This is an extreme human rights violation of indigenous people who deserve the respect of the people who stole their land. As we sat down to commemorate a mythical dinner between peaceful European settlers and Native Americans, we owe it to Standing Rock to stand in solidarity for their rights as American citizens.

The Standing Rock Sioux tribe has been protesting the construction of an oil pipeline across their land since a community forum in May, according to their timeline of events. But they have been frequently and violently removed from their land and attacked over the course of their peaceful protest.

The events of this protest have been minimally covered by mainstream television news sources such as CNN, Fox and MSNBC, who have instead spent the good part of the last year covering the catastrophic presidential election. The majority of protest coverage has been through alternative means like social media platforms and  so-called advocacy journalism sites such like Democracy Now.

Our history textbooks are filled with the heroism of American leadership, carving out hero complexes for American colonizers whose actions were nowhere near heroic. This has led to the erasure of countless violations of Native American rights because they don’t fit into the heroic dialogue. The Trail of Tears was not named for the gracious gifting of land by the Native Americans to President Andrew Jackson. The truth is that the U.S. has spent the last 200 years continuously violating the human rights of Native Americans. Now that we’ve all taken our time to celebrate our families, we should give thanks to the water protectors at Standing Rock who are defending access to clean water for their community.

But this is not only a battle for natives. Though their population is dwindling in the U.S.,  they still stand for the protection of access to water, a crucial element in the control of native people around the world during colonialism.

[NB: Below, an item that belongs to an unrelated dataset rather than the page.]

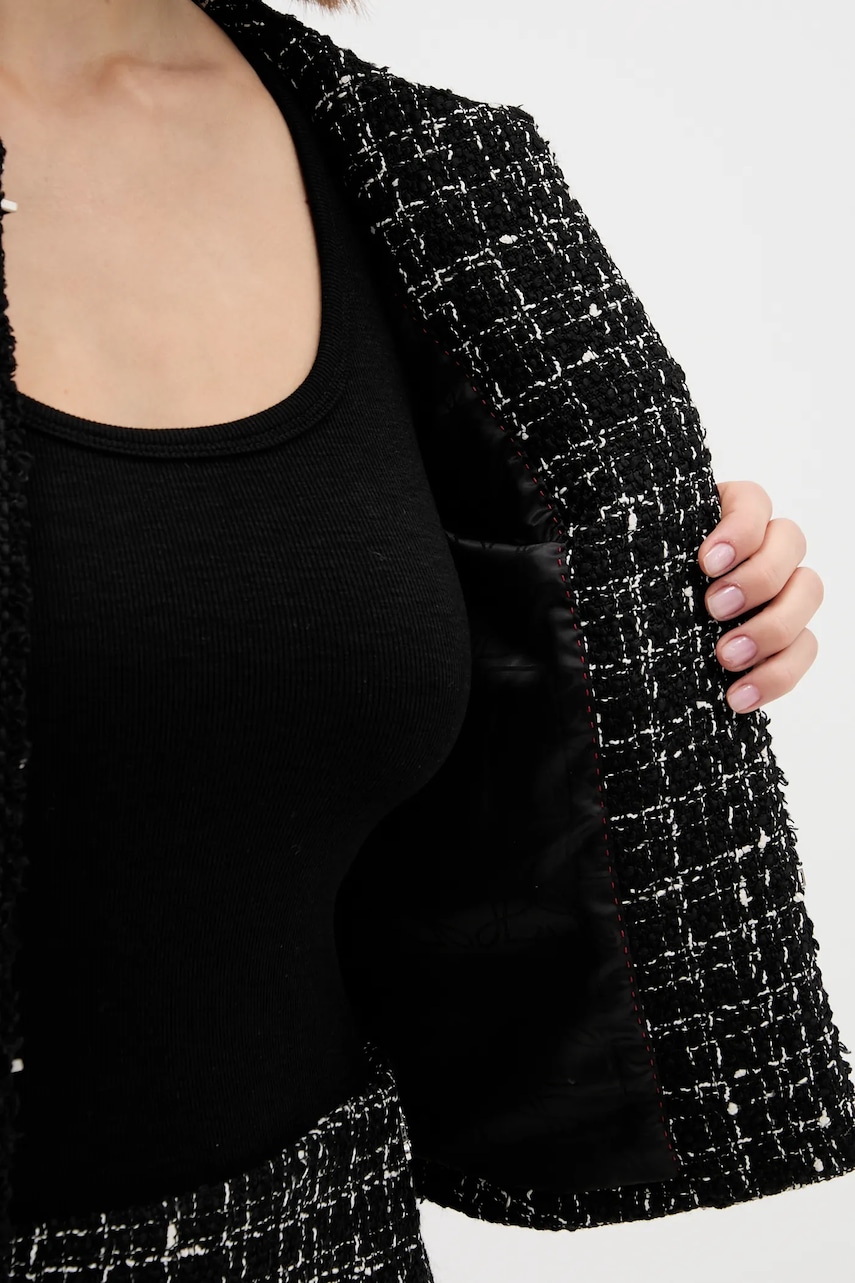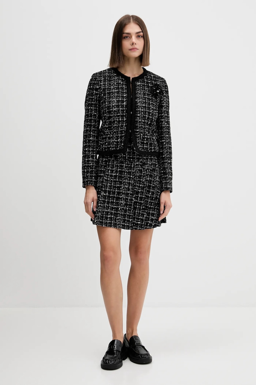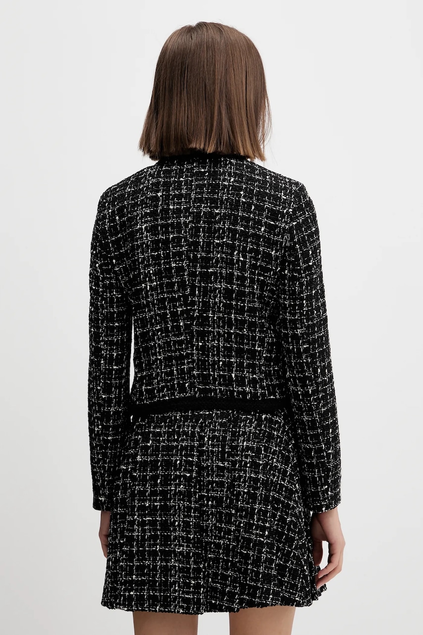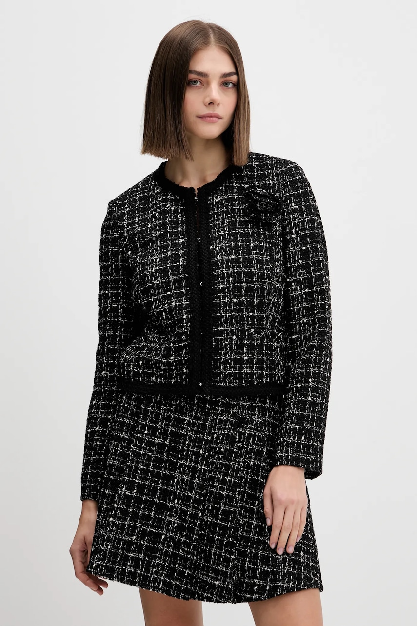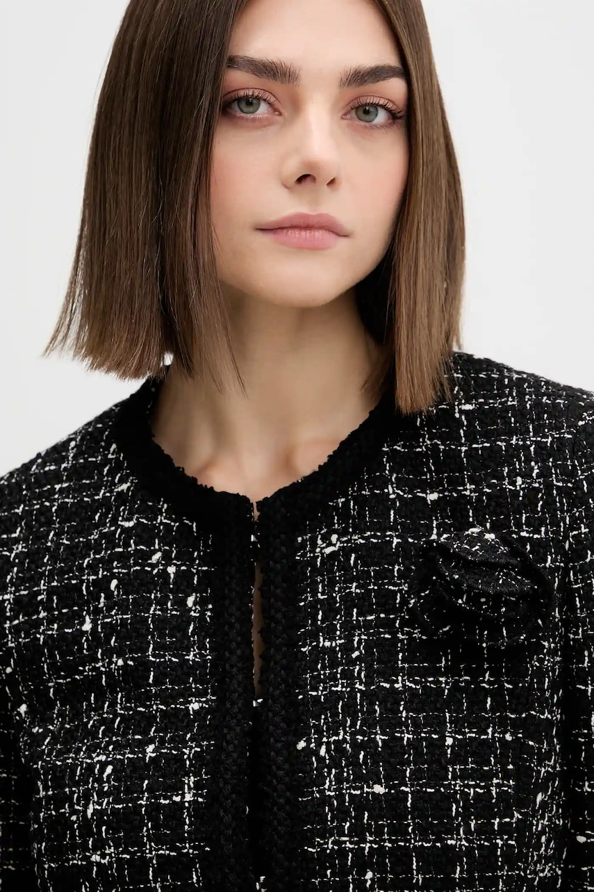 - Prosty, nie blokujący ruchów fason. - Wygodne zapięcie na haftki ułatwia zakładanie i zdejmowanie. - W ramiona wszyte poduszki. - Imitacja kieszeni z przodu. - Dodatkowa warstwa materiału w postaci podszewki. - Długość rękawa: 60,5 cm. - Długość: 50 cm. - Szerokość pod pachami: 48 cm. - Szerokość w ramionach: 38 cm. - Wymiary podane dla rozmiaru: 36.
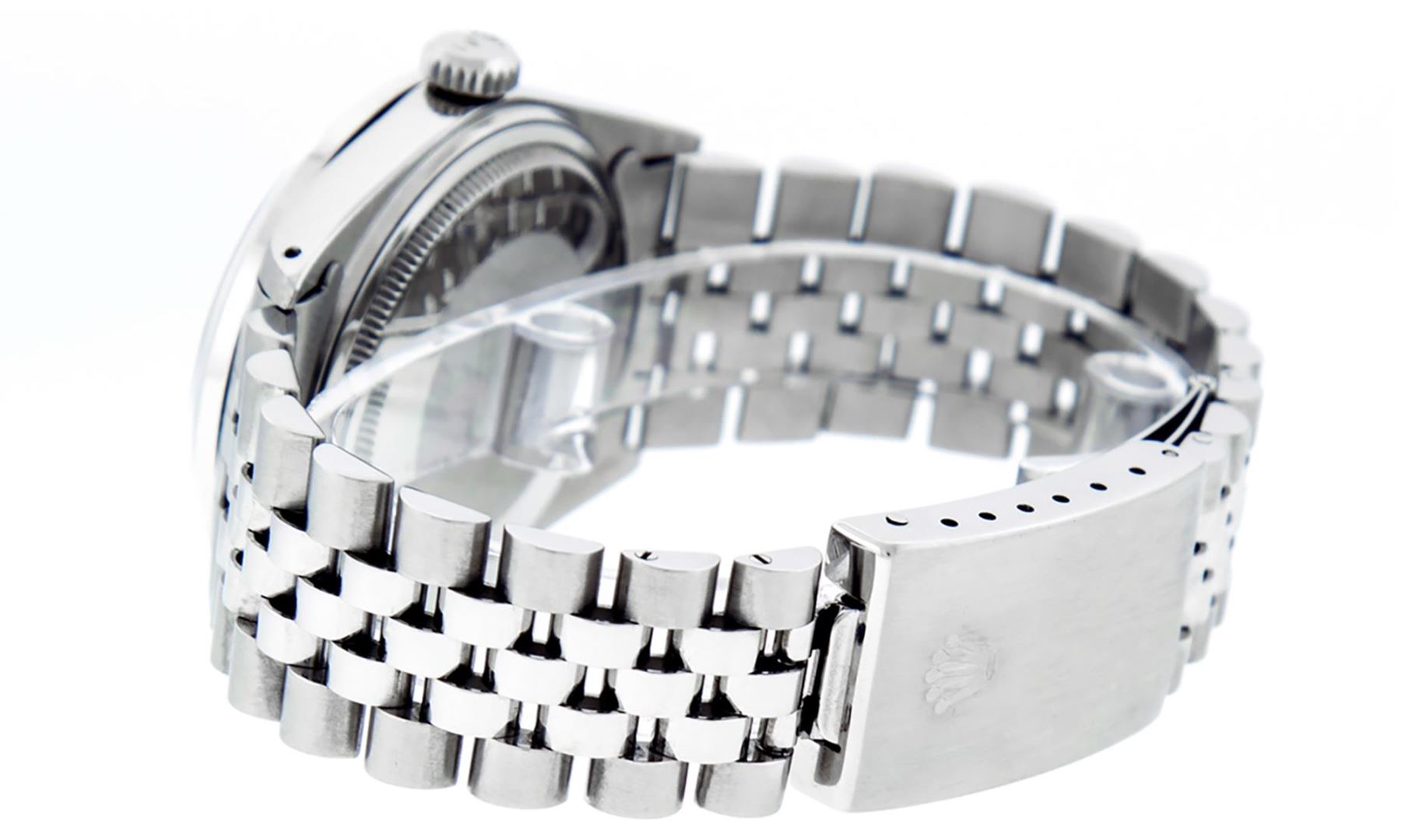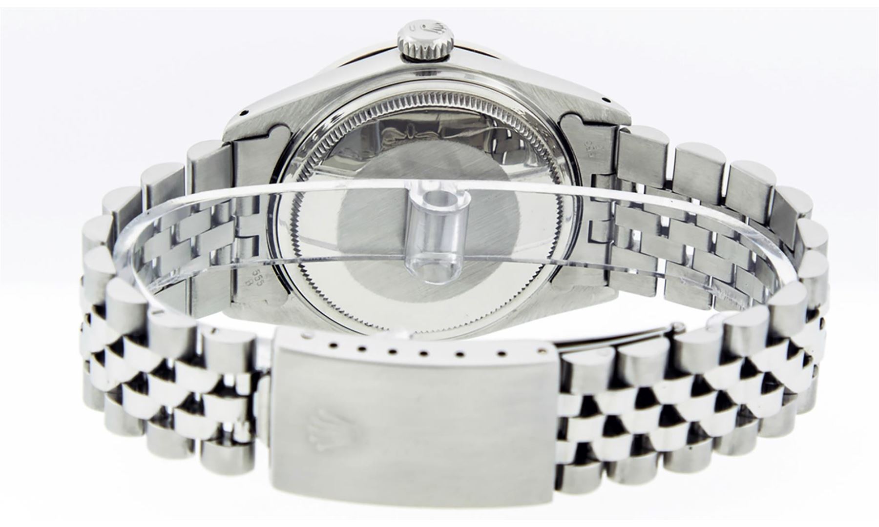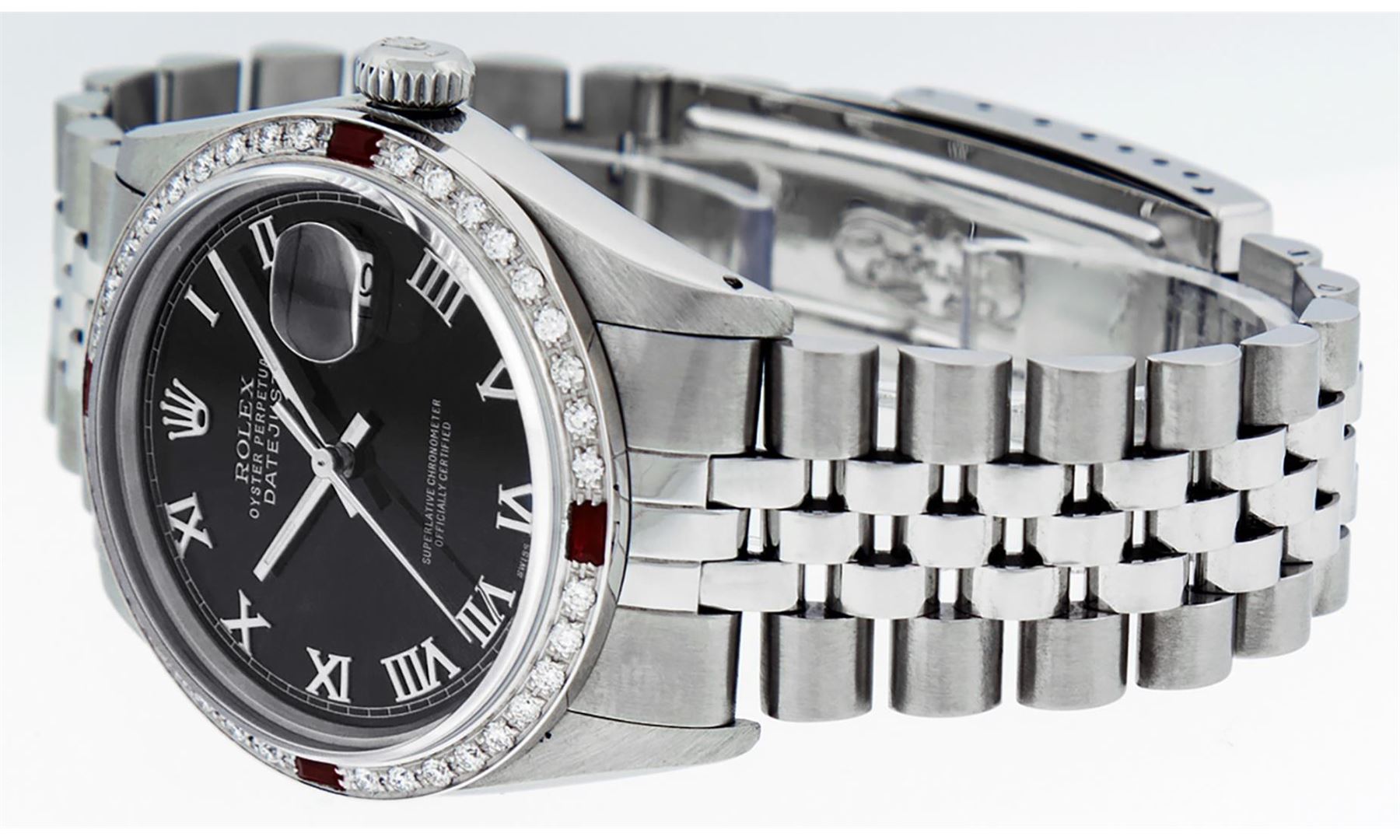 One Mens Pre Owned Stainless Steel Rolex Datejust Polished Bright with Satin Finish, Rolex Stainless Steel Case: 36mm, Rolex Stainless Steel Crown, Custom Bezel: New 18K White Gold Ruby Beadset Diamond Bezel With Added Diamonds And Rubies, Diamond + Gem Count: 36 Diamonds + 4 Rubies, Total Weight 1.00 Carat, Clarity: SI-VS, Color: G to H. Custom Crystal: New Sapphire With Magnified Date Window. Custom Hands: New Luminescent Hands. Rolex Movement: Automatic Winding Movement 3035. Custom Dial: Refinished To Black With Roman Hour Markers With Square Track. Date Window: 3 O'Clock Position Date Display, Quickset, Model: Datejust, Condition: G-6 Extra Fine. Rolex Bracelet: Stainless Steel Jubilee Band. Bracelet: 7.0 Inch Length, Adjustable. Standard Clasp, With Rolex Logo. This Watch Has Been Serviced Time Tested And Is In Excellent Condition It Is Free Of All Scratches And Dents.

This Thanksgiving, my mother reminded me of why I owe it to the Standing Rock Sioux people to speak up. In India, the British kept control of the Indian people by cutting off their access to water and salt. In a heroic effort, the Indian people, led by Mahatma Gandhi, marched to the ocean in protest to make their own salt. This Dandi March got hundreds of Indian protesters arrested, but they believed it was worth the cost of  freedom to free their own land. People of color across America have similar stories and we owe it to our ancestors to stand up for Standing Rock.

We can’t turn back time and give the entire continent back to Native Americans, but we can stop our country from taking away more than we already have from them. It is our job now to remember what we should truly be thankful for.